Using the employee hiring example, it is customary to negotiate the specifics of a compensation package after an offer is made or just prior to tendering an offer, depending on the level of the position.  In some cases, it is perfectly acceptable to discuss salary requirements at a high level during the interview process just to make sure there is not a huge discrepancy in expectations.

Take a similar approach in IT supplier evaluations by soliciting a comprehensive commercial proposal as part of the RFP, but then holding off on the detailed negotiations until you have down-selected to your top two providers, based on capabilities and cultural fit. This approach demonstrates your commitment to selecting the right partner to achieve your business goals and objectives, while also taking into consideration the cost/value equation.

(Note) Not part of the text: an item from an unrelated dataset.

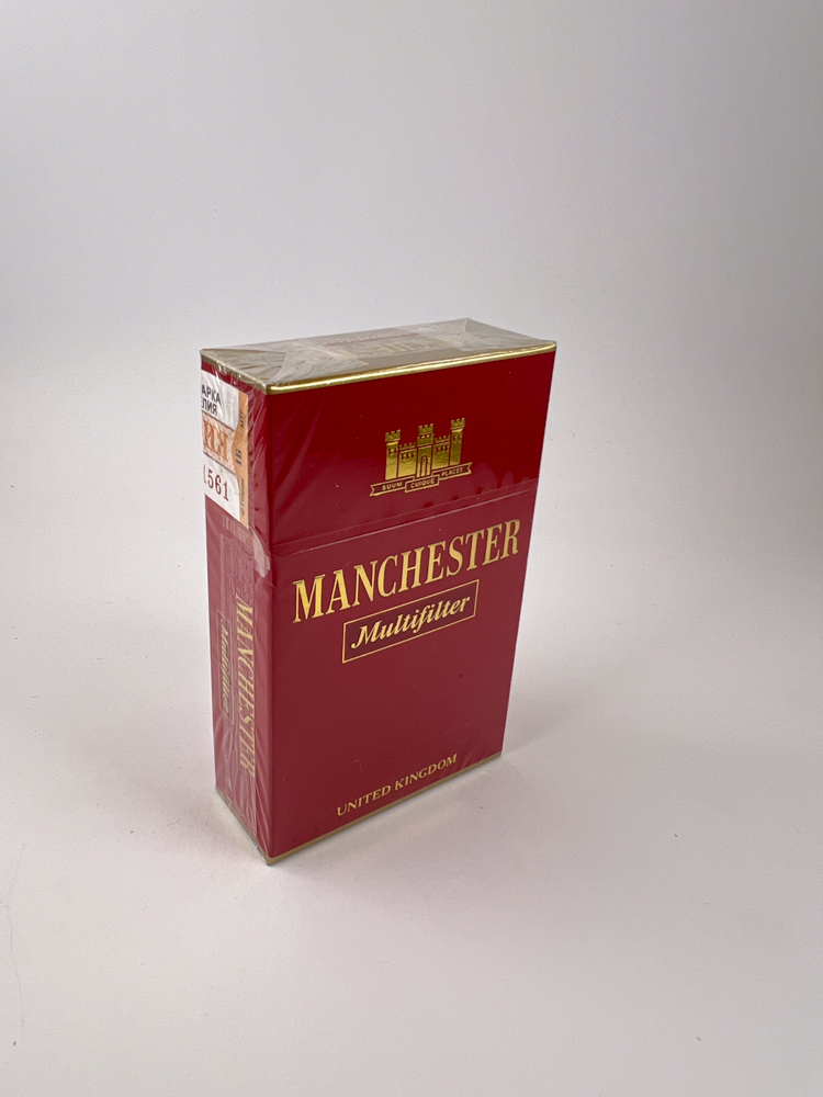 Pagrindinis užrašas MANCHESTER parašytas didžiosiomis auksinėmis raidėmis, o po juo – „Multifilter“ stilingame rėmelyje.

Facets to consider within the commercial bucket include cost, but more importantly, transparency into how pricing is determined.

Other themes to focus on are:

  • Predictability
  • Accountability
  • Flexibility in the commercial construct

The specific commercial terms will vary depending on the nature of the initiative, but they should reflect a long-term partnership and provide a foundation that will enable success.  The terms should also be balanced and well aligned with the roles and responsibilities of each party.

As an example, if a supplier can hold you accountable by issuing a change order for your failure to meet a deadline, how are you able to hold your supplier accountable for their failure to meet their deadlines?

There are simply too many commercial terms to discuss specifics, but a balanced, transparent, and flexible commercial construct should be conceptually locked down before making a final IT partner selection.  Suppliers would rather wait until they are selected as your partner before negotiating the commercial terms, but evaluation teams would be foolish not to do so.

Think about it — would you quit your job and tell all prospective companies you interviewed with that you have selected a new employer before knowing and agreeing to the material terms of your compensation plan? 

If you wouldn’t do this in your personal life, then you shouldn’t do this in representing your organization either.

You are not looking to have the contractual documents prepared and ready to sign, but there should be a term sheet or some other document that captures what the parties have conceptually agreed to in terms of price and related commercial terms, prior to making your IT partner selection.  Then you can move into exclusive negotiations on the contractual documents.

While every organization is unique, incorporating this process will provide your team with the tools to conduct an effective evaluation and enable your organization to make smarter IT partner selections.